# REQUIREMENT:
Extract verbatim every line from the one containing "TWO WHEELER PARKING" to the final line of the records below, inclusive, and exclude all pictures.

# DATASET CONTENT:
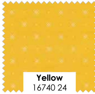
Yellow 16740 24
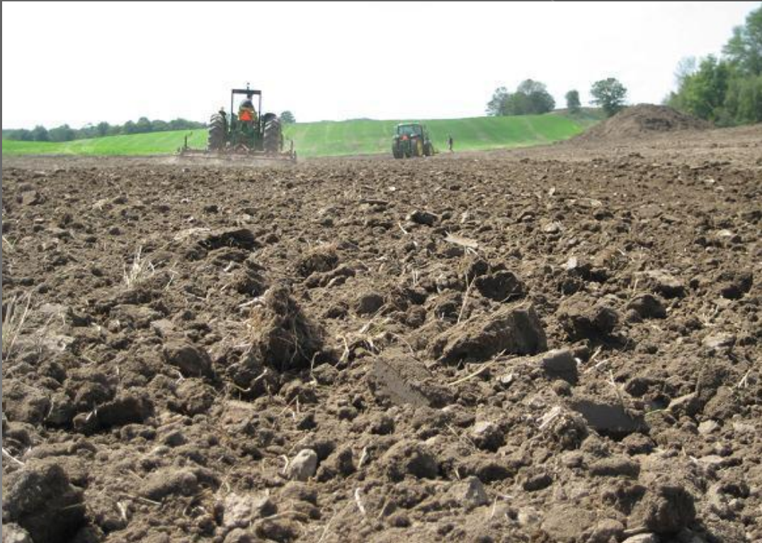
Figure 8. Tillage erosion involves the progressive down-slope movement of soil.
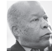
LOUIS W. SULLIVAN, M.D. President Emeritus, Morehouse School of Medicine
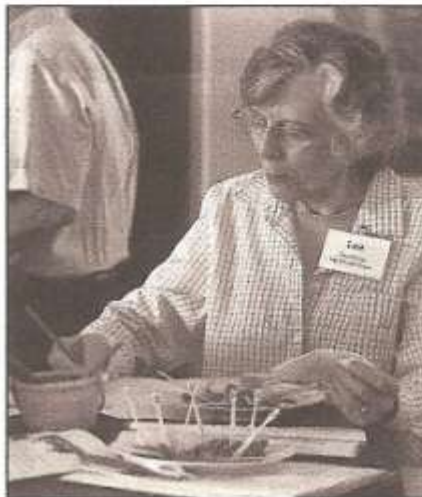
Tasting attendees were very careful as they evaluated the taste, texture, aroma, and appearance of the meat samples.

This event was the largest comparison of beef breeds in North America to date and it successfully demonstrated that each of these breeds is valuable for the unique culinary experience it offers.
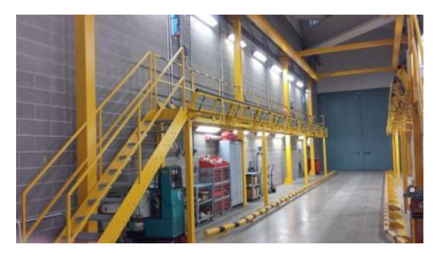
Figure 11: Workshop in Milan

A small area of an existing diesel maintenance depot was converted to suite hydrogen safety demands.
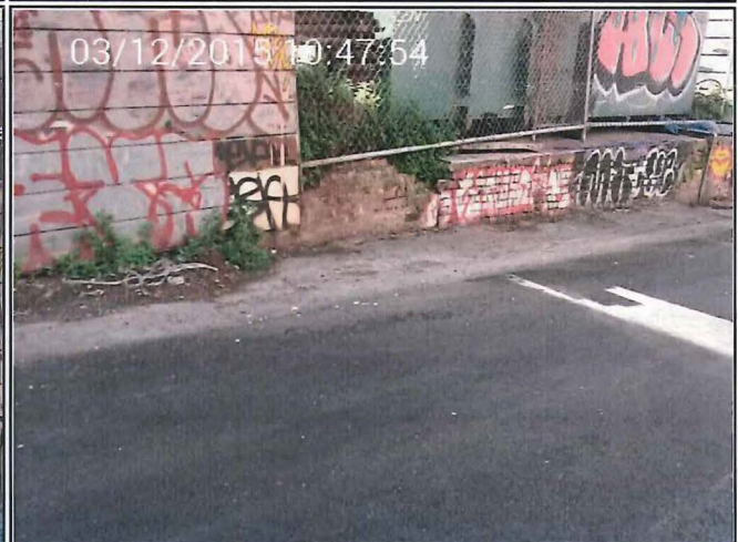
not abated - 03/12/2015
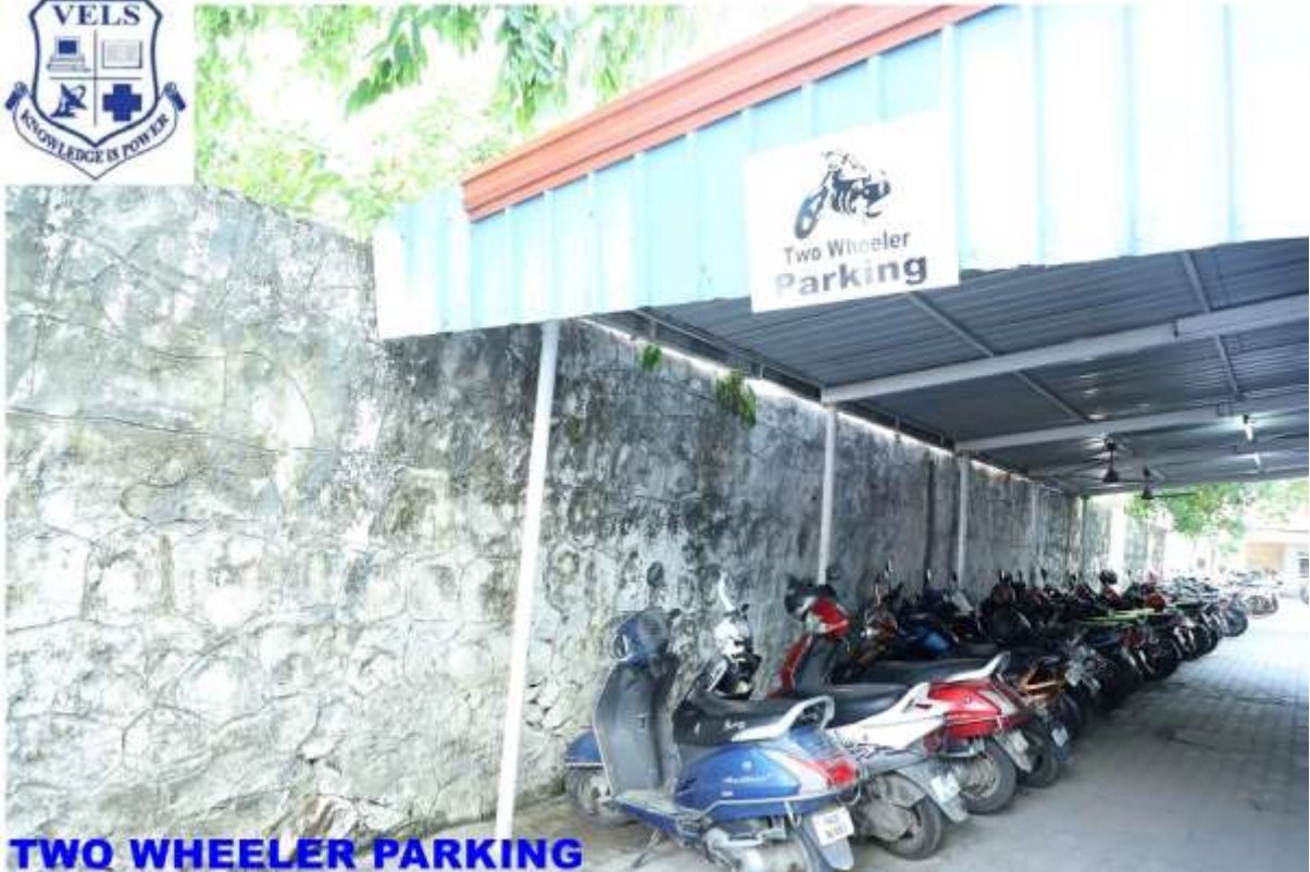
TWO WHEELER PARKING
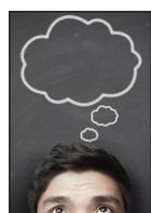
Ask Your Leaders President, Treasurer, Trust, Ministerial, Education, Youth, Communication
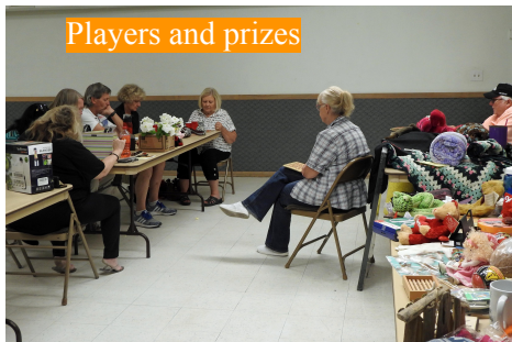
Players and prizes

Elim hosted its first Bingo night on Saturday, June 24th, for our interested members and friends. Plans include repeating the event in the future. Please come, and bring a friend, if you are a Bingo aficionado. The upcoming dates, when they are determined, will be posted on our facebook page and via emails to those on our email list. Let us know if you would like to be added to that list.
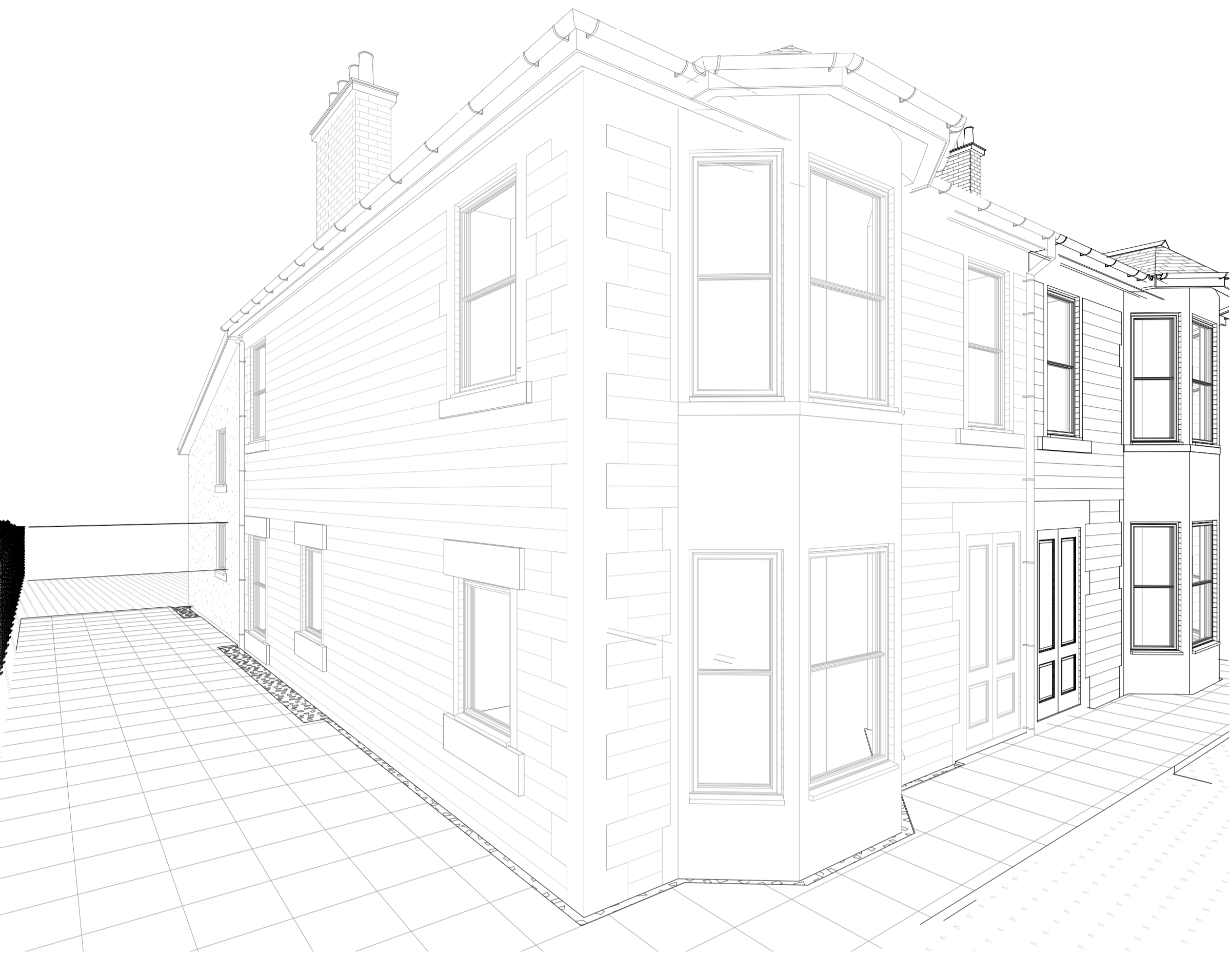
3D View 2
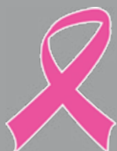
Ribbon Crest 15064E9
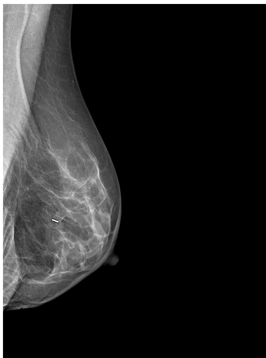
Figure 3. Mammogram with Magseed implementation at the site of the breast tumour (University Hospital Ostrava)

tected by a handheld magnetometer, SentiMag (Endomagnetics, Inc.) (Figure 4) at a distance up to 30 mm away [17, 18]. If the Magseed is placed deeper than 30 mm, it may not be detectable, but using palpation with a probe, which means tissue compression, deeper Magseeds are possible to detect. The Magseed may be implanted safely up to 30 days before surgery, but ongoing clinical trials are currently investigating a longer implantation
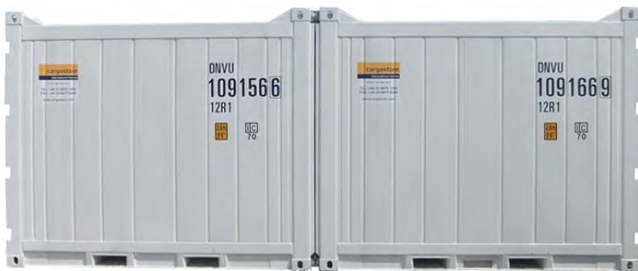
SHORE CONTAINER CONNECTION SYSTEM
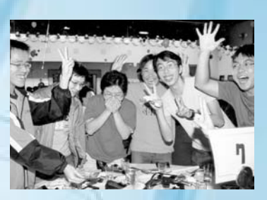
A memorable night for all of us.

Alumni playing exciting games at the homecoming dinner!
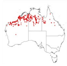
Acacia colei var. colei occurrence map. Occurrence map generated via Atlas of Living Australia ( https://www.ala.org.au ).
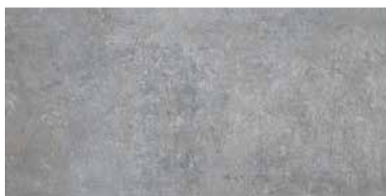
GCT 0C6 CEMENT DARK 30,8X61,5 ■ 16
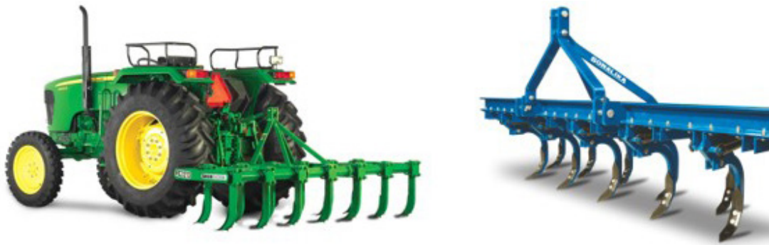
Fig. 2.21: Pictures of cultivators
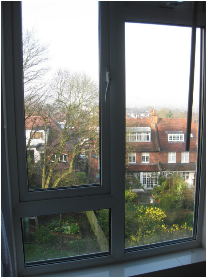
Above : view out of second floor bathroom Below : view of second floor landing with bathroom ahead

Views of the stairwell and window at second floor, view out of the stair window and view of the second floor bathroom and it's rear window.
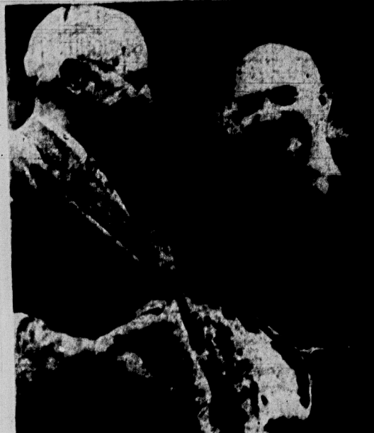
Dr. Chaim Weizmann, president of the new Jewish state of Israel, is pictured above talking with President Truman during a visit to the White House. The Chief Executive holds a Jewish scroll of laws presented to him by Dr. Weizmann when the two leaders met yesterday to discuss Palestine matters.
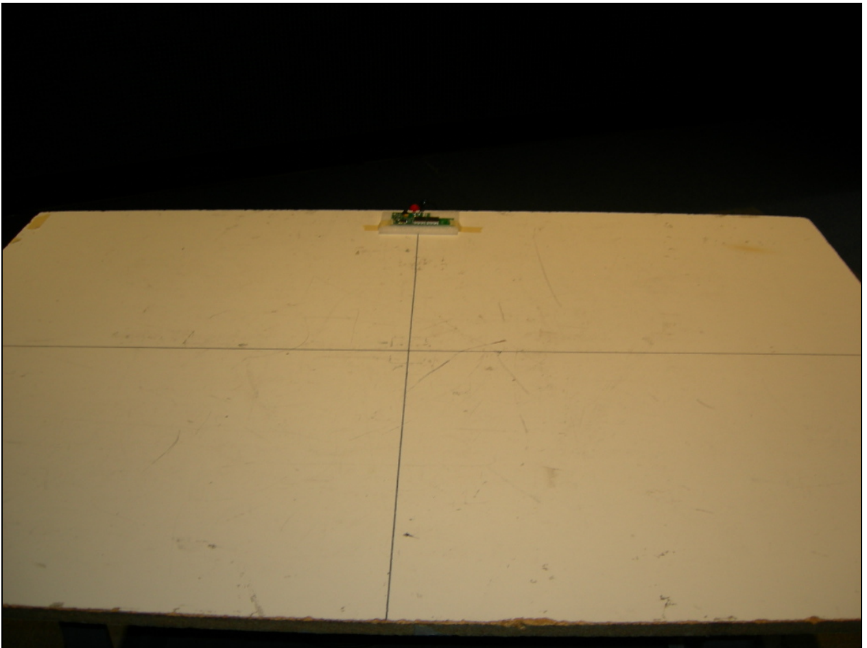
Figure 1: Radiated Emissions
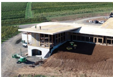
Bernau Estate construction in progress (April 2020).

Bernau Estate will produce world-class méthode champenoise sparkling wines with an underground aging cellar and biodynamically-farmed
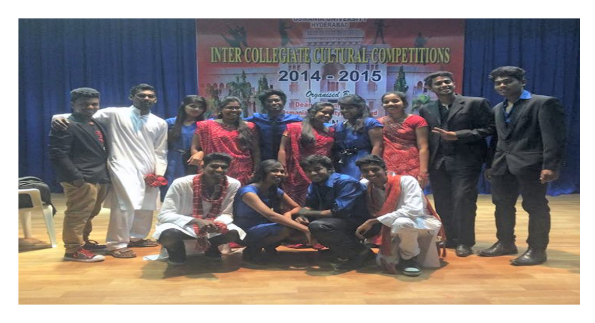
College Choir "Anna Domini"

# RESULT:
TWO WHEELER PARKING
Ask Your Leaders President, Treasurer, Trust, Ministerial, Education, Youth, Communication
Players and prizes

Elim hosted its first Bingo night on Saturday, June 24th, for our interested members and friends. Plans include repeating the event in the future. Please come, and bring a friend, if you are a Bingo aficionado. The upcoming dates, when they are determined, will be posted on our facebook page and via emails to those on our email list. Let us know if you would like to be added to that list.
3D View 2
Ribbon Crest 15064E9
Figure 3. Mammogram with Magseed implementation at the site of the breast tumour (University Hospital Ostrava)

tected by a handheld magnetometer, SentiMag (Endomagnetics, Inc.) (Figure 4) at a distance up to 30 mm away [17, 18]. If the Magseed is placed deeper than 30 mm, it may not be detectable, but using palpation with a probe, which means tissue compression, deeper Magseeds are possible to detect. The Magseed may be implanted safely up to 30 days before surgery, but ongoing clinical trials are currently investigating a longer implantation
SHORE CONTAINER CONNECTION SYSTEM
A memorable night for all of us.

Alumni playing exciting games at the homecoming dinner!
Acacia colei var. colei occurrence map. Occurrence map generated via Atlas of Living Australia ( https://www.ala.org.au ).
GCT 0C6 CEMENT DARK 30,8X61,5 ■ 16
Fig. 2.21: Pictures of cultivators
Above : view out of second floor bathroom Below : view of second floor landing with bathroom ahead

Views of the stairwell and window at second floor, view out of the stair window and view of the second floor bathroom and it's rear window.
Dr. Chaim Weizmann, president of the new Jewish state of Israel, is pictured above talking with President Truman during a visit to the White House. The Chief Executive holds a Jewish scroll of laws presented to him by Dr. Weizmann when the two leaders met yesterday to discuss Palestine matters.
Figure 1: Radiated Emissions
Bernau Estate construction in progress (April 2020).

Bernau Estate will produce world-class méthode champenoise sparkling wines with an underground aging cellar and biodynamically-farmed
College Choir "Anna Domini"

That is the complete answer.